* Task instructions *
Would you repeat each line below exactly, without the pictures?

* Given information *
========

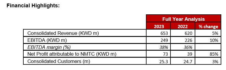 - Net profit attributable to NMTC increased to KWD 73 million in 2023 from KWD 39 million in 2022. The growth in Net Profit was mainly from Ooredoo Kuwait, after winning a final court ruling related to recovery of excess regulatory tariff paid amounted to KWD 43.8 million in a case against Kuwait’s Ministry of Communication “MOC” and Communications and Information Technology Regulatory Authority “CITRA”.
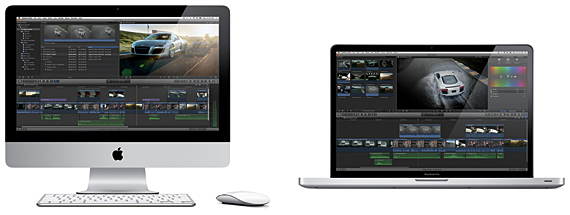 一からつくり直したという新バージョン「Final Cut Pro X」は、最新のMacのハードウェア性能とソフトウェアをフルに利用できる64ビットアプリケーション。柔軟なトラックレスのキャンバスで編集ができるマグネティックタイムライン、コンテンツの自動解析、バックグラウンドレンダリングなどの新機能を搭載する。SDから4Kまでの画像サイズに対応。オーディオ編集と色校正の強力なツールも搭載し、一つのアプリでポストプロダクションワークフロー全体を行うことができる。
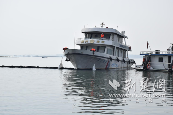 救援船舶对江面泄露油污进行清理作业。通讯员供图

========

* Solution for this task *
 - Net profit attributable to NMTC increased to KWD 73 million in 2023 from KWD 39 million in 2022. The growth in Net Profit was mainly from Ooredoo Kuwait, after winning a final court ruling related to recovery of excess regulatory tariff paid amounted to KWD 43.8 million in a case against Kuwait’s Ministry of Communication “MOC” and Communications and Information Technology Regulatory Authority “CITRA”.
 一からつくり直したという新バージョン「Final Cut Pro X」は、最新のMacのハードウェア性能とソフトウェアをフルに利用できる64ビットアプリケーション。柔軟なトラックレスのキャンバスで編集ができるマグネティックタイムライン、コンテンツの自動解析、バックグラウンドレンダリングなどの新機能を搭載する。SDから4Kまでの画像サイズに対応。オーディオ編集と色校正の強力なツールも搭載し、一つのアプリでポストプロダクションワークフロー全体を行うことができる。
 救援船舶对江面泄露油污进行清理作业。通讯员供图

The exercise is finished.